Khaled AbouAitah1,2, Anna Swiderska-Sroda2, Ahmed A. Farghali3, Jacek Wojnarowicz2, Agata Stefanek4, Stanislaw Gierlotka2, Agnieszka Opalinska2, Abdou K. Allayeh5, Tomasz Ciach4 and Witold Lojkowski2

1Department of Medicinal and Aromatic Plants Research, Pharmaceutical and Drug Industries Research Division, National Research Centre (NRC), Dokki, Giza, Egypt

2Laboratory of Nanostructures, Institute of High Pressure Physics, Polish Academy of Sciences, Warsaw, Poland

3Materials Science and Nanotechnology Department, Faculty of Postgraduate Studies for Advanced Sciences, Beni-Suef University, Beni-Suef, Egypt

4Biomedical Engineering Laboratory, Faculty of Chemical and Process Engineering, Warsaw University of Technology, Warsaw, Poland

5Environmental Virology Laboratory, National Research Centre (NRC), Dokki, Giza, Egypt

Correspondence to:

Witold Lojkowski, email: [email protected]

Khaled AbouAitah, email: [email protected]

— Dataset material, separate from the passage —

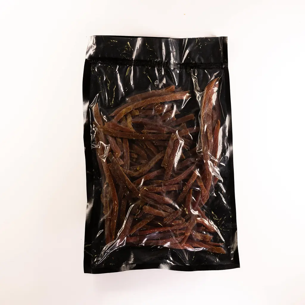 Сушене м’ясо свинини з легкими фруктовими нотами – це м’ясні чіпси, які отримали свій смак завдяки спеціальному процесу підготовки та спеціям. Приємна текстура та помірна солоність роблять ці чіпси універсальним м’ясним снеком. Цей протеїновий перекус чудово підійде для тих, хто шукає здорові снеки.

Keywords: mesoporous silica nanoparticles; hepatocellular carcinoma; targeted drug delivery; apoptosis; natural pro-drug

Received: February 23, 2018     Accepted: May 01, 2018     Published: May 29, 2018

ABSTRACT

Naturally derived prodrugs have a wide range of pharmacological activities, including anticancer, antioxidant, and antiviral effects. However, significant barriers inhibit their use in medicine, e.g. their hydrophobicity. In this comprehensive study, we investigated simple and effective nanoformulations consisting of amine-functionalized and conjugated with folic acid (FA) mesoporous silica nanoparticles (MSNs). Two types of MSNs were studied: KCC- 1, with mean size 324 nm and mean pore diameter 3.4 nm, and MCM - 41, with mean size 197 and pore diameter 2 nm. Both types of MSNs were loaded with three anticancer prodrugs: curcumin, quercetin, and colchicine. The nanoformulations were tested to target in vitro human hepatocellular carcinoma cells (HepG2) and HeLa cancer cells. The amine-functionalized and FA-conjugated curcumin-loaded, especially KCC-1 MSNs penetrated all cells organs and steadily released curcumin. The FA-conjugated MSNs displayed higher cellular uptake, sustained intracellular release, and cytotoxicity effects in comparison to non-conjugated MSNs. The KCC-1 type MSNs carrying curcumin displayed the highest anticancer activity. Apoptosis was induced through specific signaling molecular pathways (caspase-3, H2O2, c-MET, and MCL-1). The nanoformulations displayed also an enhanced antioxidant activity compared to the pure forms of the prodrugs, and the effect depended on the time of release, type of MSN, prodrug, and assay used. FA-conjugated MSNs carrying curcumin and other safe natural prodrugs offer new possibilities for targeted cancer therapy.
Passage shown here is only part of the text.